*Instructions to follow*:
Print each record that follows exactly, leaving the pictures behind.
◇ ◇ ◇
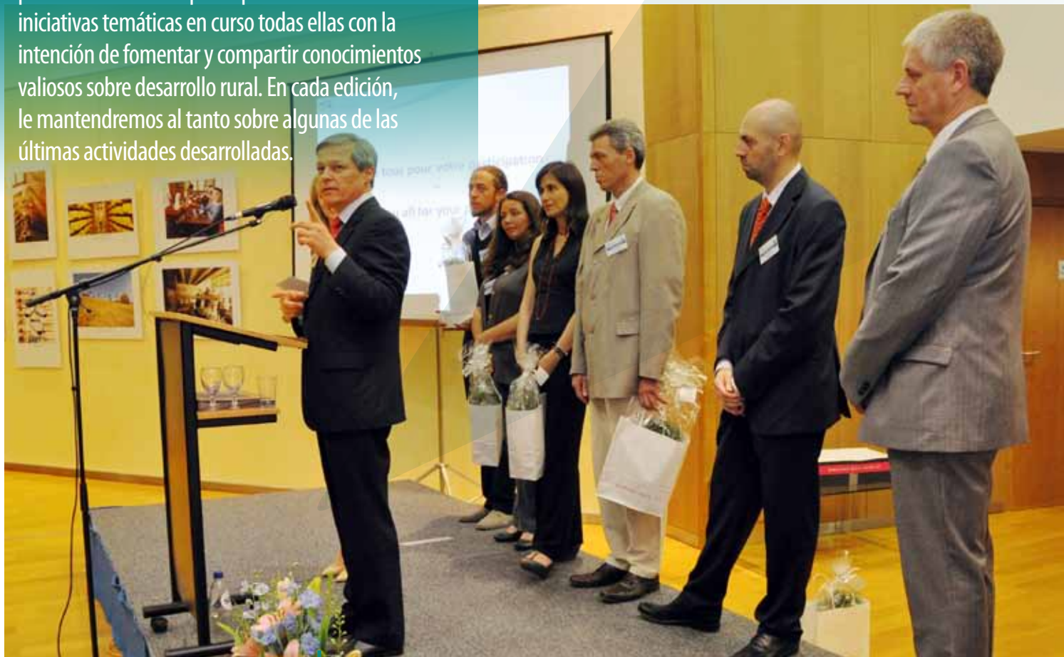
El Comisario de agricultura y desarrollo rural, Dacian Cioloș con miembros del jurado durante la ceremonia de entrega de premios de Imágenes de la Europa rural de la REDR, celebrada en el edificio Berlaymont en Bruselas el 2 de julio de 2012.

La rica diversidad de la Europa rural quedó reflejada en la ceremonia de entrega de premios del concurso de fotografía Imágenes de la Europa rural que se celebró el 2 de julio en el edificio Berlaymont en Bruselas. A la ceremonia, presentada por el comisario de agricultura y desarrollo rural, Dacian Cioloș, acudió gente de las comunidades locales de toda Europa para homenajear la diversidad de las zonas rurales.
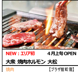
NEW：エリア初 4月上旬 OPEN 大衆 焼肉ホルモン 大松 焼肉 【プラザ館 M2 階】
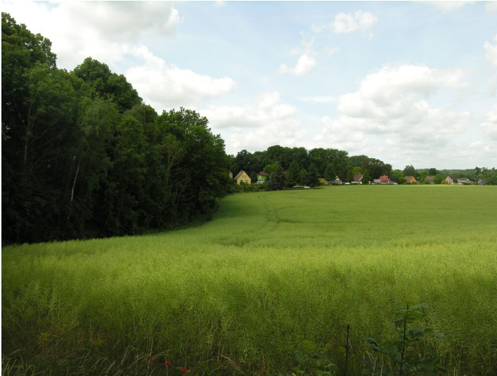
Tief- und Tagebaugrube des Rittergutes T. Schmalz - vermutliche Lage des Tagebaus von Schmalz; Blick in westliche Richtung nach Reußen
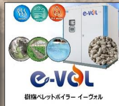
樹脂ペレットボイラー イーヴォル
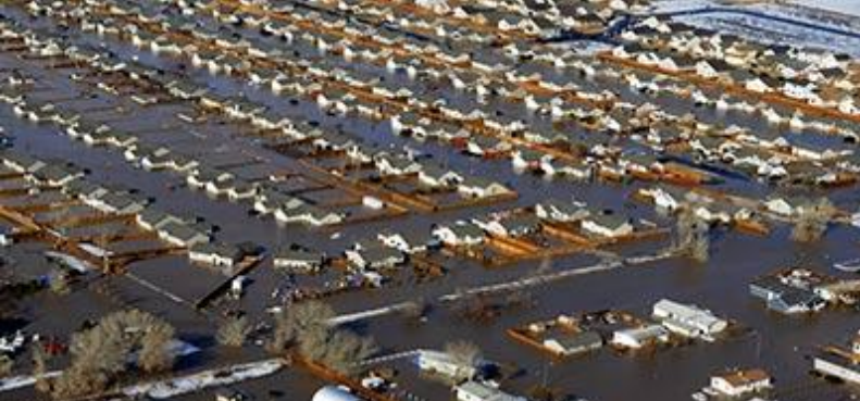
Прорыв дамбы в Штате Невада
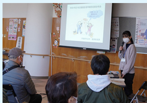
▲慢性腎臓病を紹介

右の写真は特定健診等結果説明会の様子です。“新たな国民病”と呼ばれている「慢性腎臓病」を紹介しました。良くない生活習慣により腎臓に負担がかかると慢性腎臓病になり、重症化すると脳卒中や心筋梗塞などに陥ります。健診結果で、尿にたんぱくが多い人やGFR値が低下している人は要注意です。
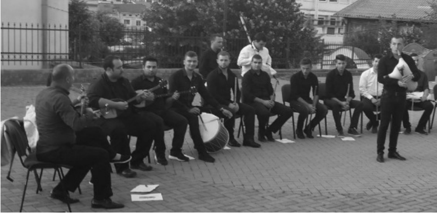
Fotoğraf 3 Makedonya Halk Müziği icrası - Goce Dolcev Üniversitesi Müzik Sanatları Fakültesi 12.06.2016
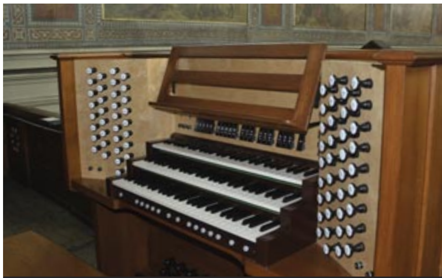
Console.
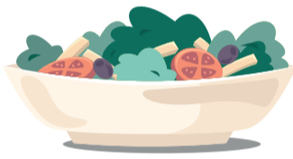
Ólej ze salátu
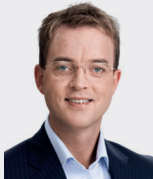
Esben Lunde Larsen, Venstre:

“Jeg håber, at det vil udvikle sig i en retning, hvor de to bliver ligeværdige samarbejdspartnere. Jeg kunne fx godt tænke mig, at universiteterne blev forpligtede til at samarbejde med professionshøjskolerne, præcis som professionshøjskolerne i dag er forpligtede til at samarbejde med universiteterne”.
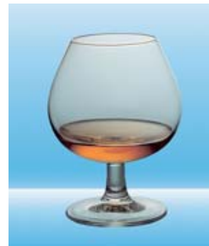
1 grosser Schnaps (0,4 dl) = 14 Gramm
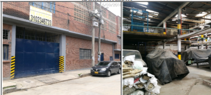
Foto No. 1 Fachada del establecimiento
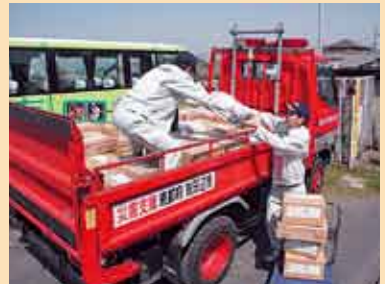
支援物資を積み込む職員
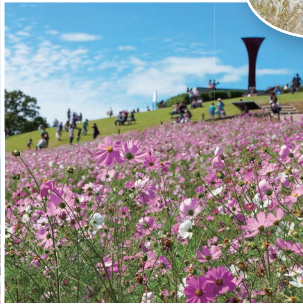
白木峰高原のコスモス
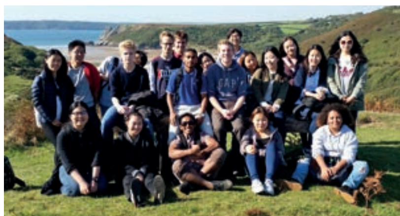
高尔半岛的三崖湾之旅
◇ ◇ ◇
*Answer to this exercise*:
El Comisario de agricultura y desarrollo rural, Dacian Cioloș con miembros del jurado durante la ceremonia de entrega de premios de Imágenes de la Europa rural de la REDR, celebrada en el edificio Berlaymont en Bruselas el 2 de julio de 2012.

La rica diversidad de la Europa rural quedó reflejada en la ceremonia de entrega de premios del concurso de fotografía Imágenes de la Europa rural que se celebró el 2 de julio en el edificio Berlaymont en Bruselas. A la ceremonia, presentada por el comisario de agricultura y desarrollo rural, Dacian Cioloș, acudió gente de las comunidades locales de toda Europa para homenajear la diversidad de las zonas rurales.
NEW：エリア初 4月上旬 OPEN 大衆 焼肉ホルモン 大松 焼肉 【プラザ館 M2 階】
Tief- und Tagebaugrube des Rittergutes T. Schmalz - vermutliche Lage des Tagebaus von Schmalz; Blick in westliche Richtung nach Reußen
樹脂ペレットボイラー イーヴォル
Прорыв дамбы в Штате Невада
▲慢性腎臓病を紹介

右の写真は特定健診等結果説明会の様子です。“新たな国民病”と呼ばれている「慢性腎臓病」を紹介しました。良くない生活習慣により腎臓に負担がかかると慢性腎臓病になり、重症化すると脳卒中や心筋梗塞などに陥ります。健診結果で、尿にたんぱくが多い人やGFR値が低下している人は要注意です。
Fotoğraf 3 Makedonya Halk Müziği icrası - Goce Dolcev Üniversitesi Müzik Sanatları Fakültesi 12.06.2016
Console.
Ólej ze salátu
Esben Lunde Larsen, Venstre:

“Jeg håber, at det vil udvikle sig i en retning, hvor de to bliver ligeværdige samarbejdspartnere. Jeg kunne fx godt tænke mig, at universiteterne blev forpligtede til at samarbejde med professionshøjskolerne, præcis som professionshøjskolerne i dag er forpligtede til at samarbejde med universiteterne”.
1 grosser Schnaps (0,4 dl) = 14 Gramm
Foto No. 1 Fachada del establecimiento
支援物資を積み込む職員
白木峰高原のコスモス
高尔半岛的三崖湾之旅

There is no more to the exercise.